Tuck Everlasting is a children's fiction book following the story of a ten-year-old girl named Winnifred Foster. Winnie feels trapped in her home and yearns to venture into the forest at it's edge. It's when she finally does that she stumbles upon the Tuck family -- a family that guards a dangerous secret.

This secret is the secret to everlasting life, but as Angus Tuck explains to her, everlasting life isn't really life at all. The Tucks kidnap her to explain this and convince her that the secret is worth keeping. But things grow even more complicated when a man who has been searching for the Tucks and the water that bears this everlasting life since he first heard the stories of their existence as a child and he's not going to let anything get in his way.

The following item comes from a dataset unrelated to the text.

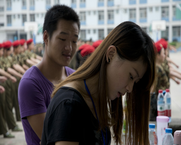 也许有人会问,当学长班主任累吗,“累那是肯定的,但这对自己也是一个很好的锻炼”几乎所有的学长班主任都有这样的表示。适逢开学这几天新生在烈日下军训,我们的记者团同学来到操场用相机记录了一些他们的身影。在与一些学长班主任的攀谈中,我们了解到他们军训这几天他们都是六点起床,跟大一新生的作息时间一样,没课的时间都是陪着班上的同学度过,他们也似乎亲自参与了军训。

A wonderful, easy read for all ages. This is one I'll definitely be suggesting for my sister to read to her girls (ages 4 and 2) and anyone else who would enjoy it. The plot is well-written and the descriptions within prove to be breathtaking on more than one instance. This story was quite worth the $3 I dished out for it.

Rating: ♥ ♥ ♥

"But dying's part of the wheel right there next to being born. You can't pick out the pieces you like and leave the rest. Being part of the whole thing, that's the blessing. But it's passing us by, us Tucks. Living's heavy work, but off to one side, the way we are, it's useless too. It don't make sense. If I knowed how to climb back on the wheel, I'd do it in a minute. You can't have living without dying. So you can't call it living, what we got."